NTTのAIOWN戦略とは|AI時代のデータセンター拡張を解説

NTTがAI時代に打ち出した新戦略 AIOWNと国内外データセンター拡張の全体像

AI時代に向けてNTTが打ち出した新戦略

NTT、NTTデータグループ、NTTドコモビジネスの3社は2026年4月27日、AI活用の進展に合わせたAIネイティブインフラ「AIOWN」の展開を発表しました。
あわせてNTTは、国内データセンターのIT電力容量を現状の約300MWから、2033年度に約1GWへ拡張する方針を示しました。
生成AIをはじめとするAI利用の拡大により、企業や社会インフラを支える計算基盤、通信基盤、電力基盤の重要性は高まっています。
今回の発表は、AI時代を支える基盤整備をNTTグループとして本格化させる動きと位置付けられます。

AIOWNとは何か

AIOWNは、AI利用の急拡大を背景に、用途に応じてGPUなどの計算リソース、ネットワーク、電力を最適化するAIネイティブインフラです。
エッジまで含めたセキュアな利用環境と、統合運用の実現を目指す構想でもあります。
生成AIの普及によって、AIワークロードは学習中心から推論中心へ移行しつつあります。
推論とは、学習済みのAIモデルを使って回答生成や判断を行う処理のことです。
企業活動や社会インフラの中でAIを常時活用する時代に向けて、従来以上に柔軟で高度な基盤が求められています。

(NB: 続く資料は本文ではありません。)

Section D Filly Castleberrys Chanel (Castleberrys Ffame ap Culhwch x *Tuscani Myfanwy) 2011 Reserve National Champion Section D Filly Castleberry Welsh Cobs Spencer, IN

NTTは、こうした需要拡大に対応するため、データセンターの拡張や液冷対応の高度化を進めます。
さらに、複数拠点のGPUを柔軟に利用できるリソースマネジメント機能も順次拡張していく方針です。
AIの学習から推論、企業システムや社会インフラでの活用までを支える基盤として、AIOWNを中核に据える構えです。

国内データセンター戦略の柱

NTTグループは、日本全国47都道府県に160拠点以上のデータセンターを展開しています。
国内データセンター市場でシェアNo.1を掲げており、今回の発表では、こうした既存基盤を土台にしたAIインフラ強化の方向性が示されました。
具体的には、都市型、郊外型、分散型を組み合わせた多層的なAIインフラを整備していきます。

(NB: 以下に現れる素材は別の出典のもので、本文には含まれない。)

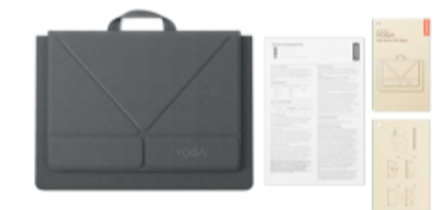
Lenovo Yoga Tote Sleeve (14" Grey)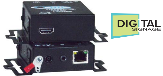
ST-C6HD-HDBT (Local and Remote Units)

特に注目されるのが、AI向けの高性能GPUサーバーに対応する液冷設備の強化です。
液冷方式は、液体を使ってサーバーを冷却する方式で、高発熱のGPU環境に対応しやすい点が特徴です。
NTTは、液冷方式により空冷方式と比べて冷却用の消費電力を最大60%削減できるとしています。
また、液冷方式対応設備をグローバルで250MW提供するトップランナーと位置付けています。

東京都心の液冷標準データセンター

NTTドコモビジネスは、東京都心部で液冷標準・高発熱サーバー機器に対応したAIデータセンターの建設を開始しました。
サービス提供開始は、2029年度下半期を予定しています。
JR山手線沿線の駅から徒歩約5分という立地により、機器の構築や保守の利便性が高いことが特徴です。
また、クラウド接続ポイントやIXに近いことで、低遅延かつ高信頼なネットワーク接続を実現できる点も強みです。

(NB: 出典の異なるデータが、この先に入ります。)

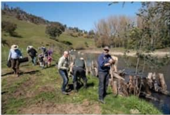
Planting Day at Nariel 2019

このデータセンターでは、AI用途別に最適化された液冷フロアを標準装備します。
高性能GPUを搭載した液冷サーバー機器に対応する、超省エネ型コロケーションサービスを提供する計画です。
コロケーションサービスとは、利用企業が自社サーバーなどをデータセンター内に設置し、電力や通信、運用環境を利用するサービスです。
低消費電力なデータセンター設備とネットワークサービスを組み合わせることで、利用企業のGXにもつなげる考えです。
GXは、脱炭素化と経済成長の両立を目指すグリーントランスフォーメーションを指します。

栃木の大規模データセンター計画

NTTデータグループは、首都圏近郊の栃木インター産業団地で「栃木TCG11データセンター」の整備を進めています。
この施設は2029年の竣工を計画しており、最終的にはIT電力容量約100MWへの拡張を予定しています。

都心部の主要エリアから十分な距離を置くことで、AI需要への対応だけでなく、デジタルインフラの地理的分散化を図る拠点としての役割も担います。
都市部の近接性と郊外拠点の拡張余地を使い分ける設計思想が、今回の国内戦略の特徴です。
AIOWNを軸に、都市型データセンターと郊外型データセンターを組み合わせることで、AI時代に必要な計算資源の分散配置を進める狙いがあります。

印西・白井エリアの国内最大級キャンパス

NTTデータグループは、首都圏郊外の印西・白井エリアでも、国内最大級のデータセンターキャンパスを段階的に整備します。
このキャンパスは、将来的に複数棟と大規模電力供給を前提に設計されています。
高効率な電源・空調インフラと液冷対応によって、大規模なAI学習・推論用途に対応する計画です。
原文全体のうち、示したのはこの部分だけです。